In 2019, we had a year that could only be described as a disaster.  In the spring, half of the hives were dead.  We ordered New Zealand packages.  Since I had very little experience with package hives, it seemed logical to run an experiment comparing package hives to overwintered hives in terms of honey production. We went into the honey season with half of our hives being overwintered hives and half of them being package hives.  We segregated the hives as much as we could so that if we were bringing in any diseases, they would be contained.  We ran 4 beeyards with package colonies, 4 beeyards with overwintered colonies and 1 beeyard with about 1/3 package colonies and 2/3 overwintered colonies.  We fed the package colonies, but did not feed most of the overwintered colonies.  We skimmed bees from the overwintered colonies to stock our cell builder hives and mating nucs to raise queens. We requeened all of the package hives during the canola season by finding and killing the queens and then replacing them with a new queen the next day.  It ensured there was not much down time between when the queen stopped laying and the new one started again.

Honey Production

2019 was an odd summer.  It rained on and off through most of the canola season and so the bees only had about 50% flying time compared to usual and were robbing through most of the summer.  The honey crop overall reflected that. It seemed much more like a New Zealand summer than a Saskatchewan summer. Therefore, I wasn’t sure that Saskatchewan bees would outperform the New Zealand bees in those climatic conditions.  However, they still did. The package hives that we bought to survive the winter losses just didn't produce like the overwintered hives did.  111 lbs. versus 161 lbs versus 221 lbs from the breeders.  Those breeders are 2 year old queens. 

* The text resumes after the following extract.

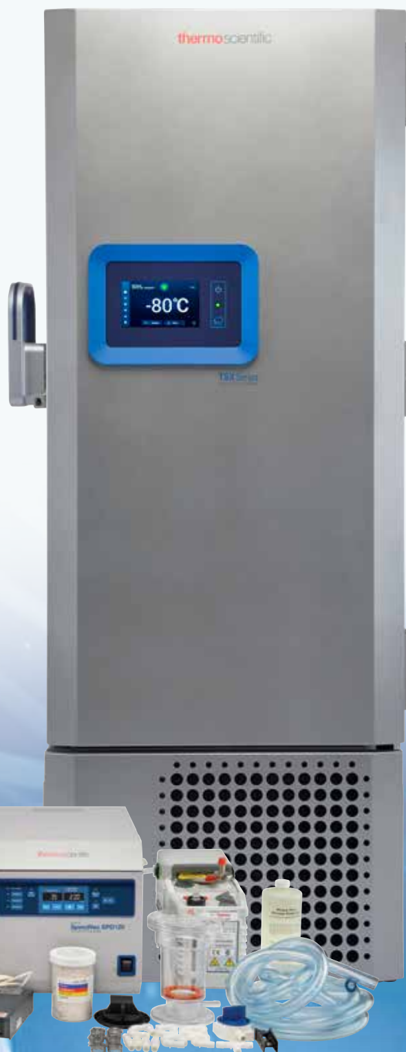
Savant SpeedVac SPD120 Vacuum Concentrator Kit, Thermo Scientific TSX400 Ultra-Low Temperature Freezer

What is risk if the solvents goes into a liquid state instead of sublimation? If the sample warms to the point where the solvent turns into liquid, there is a risk of sample degradation. For example, if the samples are mixed with solvents such as acetonitrile or ethanol, the sample can go back into solution. Once the organics are evaporated, the water in the sample will refreeze and the freeze drying process will continue, which could change the quality of the product.

chart comparing production

I realize that it could be argued that by putting the packages in separate yards, those yards just had less access or flying time and the separate locations biased the experiment against the package hives.  That's why I've also attached a separate chart from the yard that had both package hives and overwintered hives.  The overwintered hives still outproduced the package colonies.

chart of Hougan yard comparison

Stock comparison

Perhaps what surprised me the most was the noticeable difference in brood pattern.  As we were going through the package hives killing queens to replace them with New Zealand stock, I had one hive in each of 2 yards that the brood pattern stuck out as so different that I stopped to read the record card before I killed the queen.  In both situations, they had already been requeened with our stock earlier in the spring when their New Zealand queen was lost.  What was the noticeable difference that stopped me in my tracks?  The New Zealand bees had been annoying me with their tendency to have 2 – 4 cm of honey rimming the brood underneath the excluder.  They were restricting the queens laying room by not moving the honey up into the honey supers and leaning towards swarming tendencies.  Those 2 hives that we had already requeened had moved their honey above the excluder and had brood right up to the bottom of the top bar right across the hive.  The conclusion was that genetic stock also makes a difference as to how well honeybees go through queen excluders.  Clearly over the last decades, we had bred a stock that went through queen excluders with little to no problems without even realizing that we were doing it.  I assume those hives that did not go through queen excluders either did not produce as much and weren’t bred from or they swarmed and weren’t bred from.

I'm thankful that we could order packages when we had such a devastating winter loss, but I would always choose our overwintered stock over packages if I had the choice.